▶ **Task requirements**: Look below for the line that contains "2019年APEC工商領導人" and the line that contains "Set of hames, wringer, planer, pulley, bells, old", then restate both of them and every line in between, exactly. No picture goes in the copy.

▶ **Data**:
########

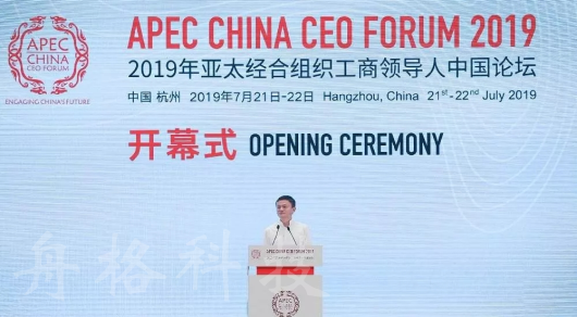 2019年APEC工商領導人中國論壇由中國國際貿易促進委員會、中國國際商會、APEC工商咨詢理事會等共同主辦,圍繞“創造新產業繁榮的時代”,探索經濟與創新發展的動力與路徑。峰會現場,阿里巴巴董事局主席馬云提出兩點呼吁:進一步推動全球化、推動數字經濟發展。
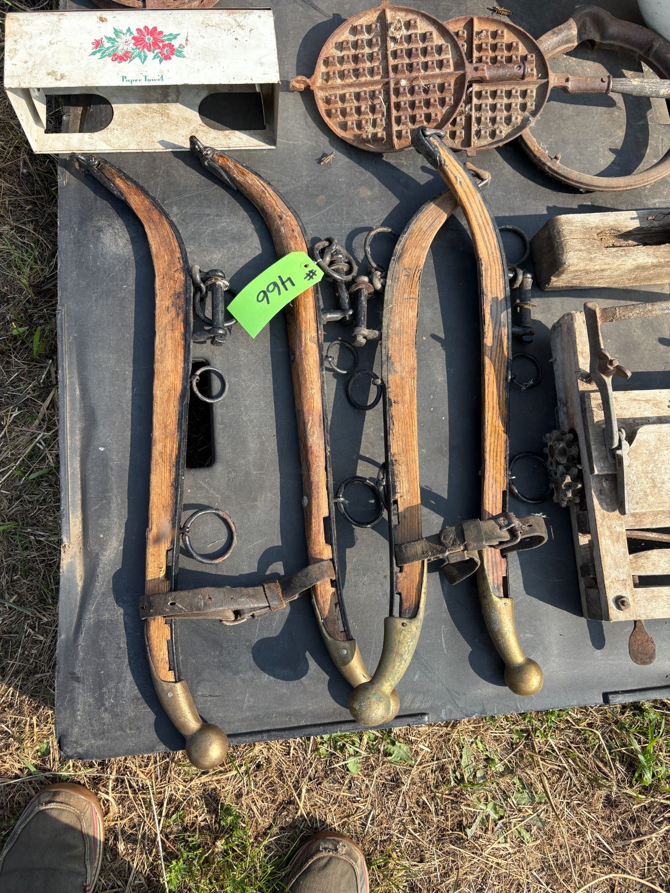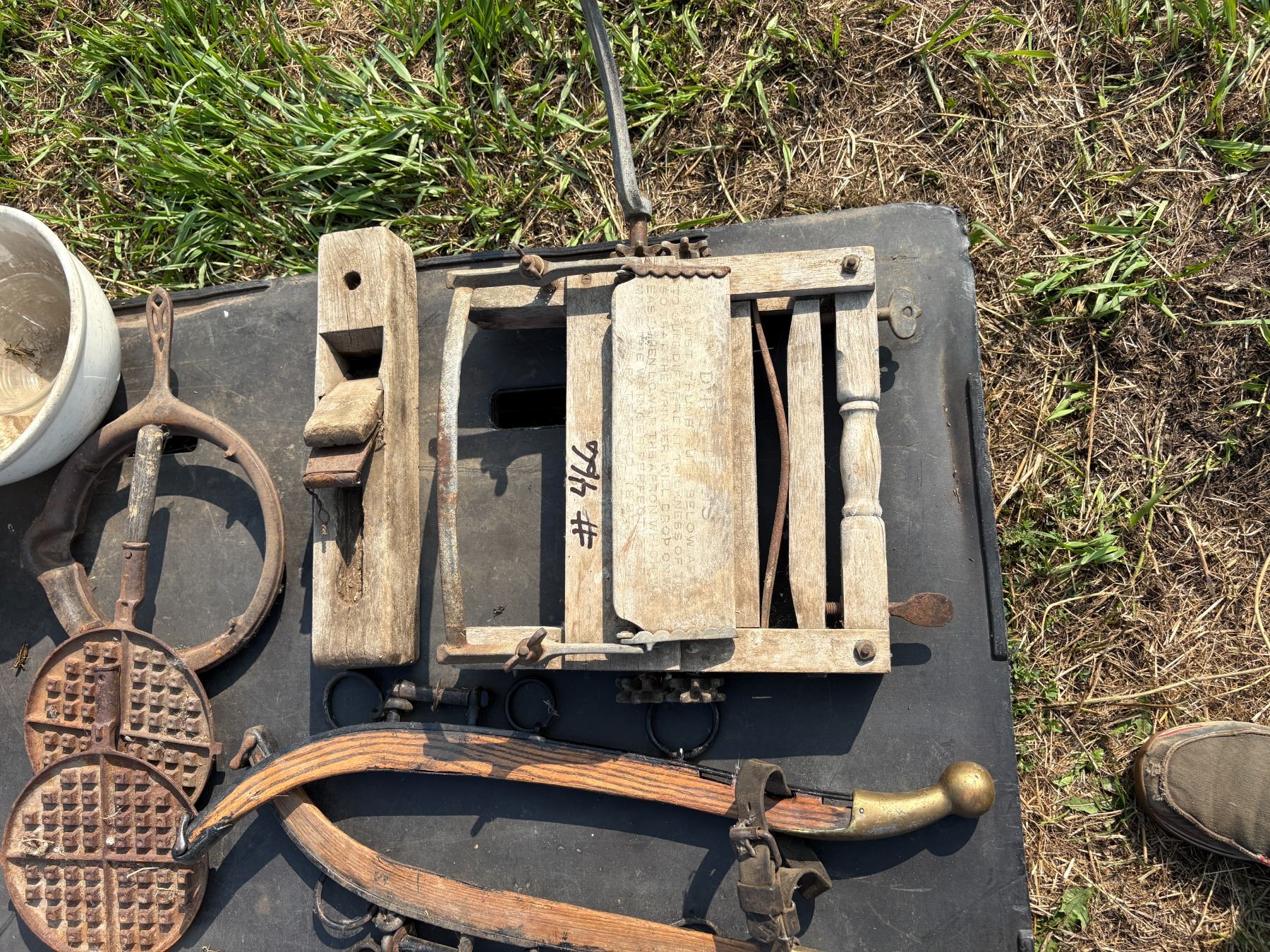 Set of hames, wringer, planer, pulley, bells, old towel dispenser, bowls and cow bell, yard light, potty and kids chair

########

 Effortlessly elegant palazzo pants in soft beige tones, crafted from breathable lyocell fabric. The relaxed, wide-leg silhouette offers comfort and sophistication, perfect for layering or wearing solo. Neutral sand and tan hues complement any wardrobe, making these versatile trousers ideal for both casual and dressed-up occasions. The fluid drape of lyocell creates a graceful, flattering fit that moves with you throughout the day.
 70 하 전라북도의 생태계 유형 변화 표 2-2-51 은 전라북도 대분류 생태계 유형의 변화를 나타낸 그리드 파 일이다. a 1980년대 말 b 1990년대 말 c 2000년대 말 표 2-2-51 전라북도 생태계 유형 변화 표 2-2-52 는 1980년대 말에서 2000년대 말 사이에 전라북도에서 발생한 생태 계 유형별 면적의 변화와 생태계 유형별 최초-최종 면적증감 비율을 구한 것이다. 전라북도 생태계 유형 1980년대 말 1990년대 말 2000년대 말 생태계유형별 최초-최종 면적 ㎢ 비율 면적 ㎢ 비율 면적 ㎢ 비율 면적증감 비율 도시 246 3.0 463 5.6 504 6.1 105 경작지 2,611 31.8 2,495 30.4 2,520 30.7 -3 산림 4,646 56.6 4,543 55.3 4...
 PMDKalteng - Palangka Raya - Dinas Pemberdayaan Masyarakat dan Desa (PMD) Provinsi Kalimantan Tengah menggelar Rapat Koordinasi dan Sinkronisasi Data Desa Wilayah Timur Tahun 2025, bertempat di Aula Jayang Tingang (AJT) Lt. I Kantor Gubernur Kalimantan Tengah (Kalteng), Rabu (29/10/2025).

########

▶ **Your response**:
 2019年APEC工商領導人中國論壇由中國國際貿易促進委員會、中國國際商會、APEC工商咨詢理事會等共同主辦,圍繞“創造新產業繁榮的時代”,探索經濟與創新發展的動力與路徑。峰會現場,阿里巴巴董事局主席馬云提出兩點呼吁:進一步推動全球化、推動數字經濟發展。
 Set of hames, wringer, planer, pulley, bells, old towel dispenser, bowls and cow bell, yard light, potty and kids chair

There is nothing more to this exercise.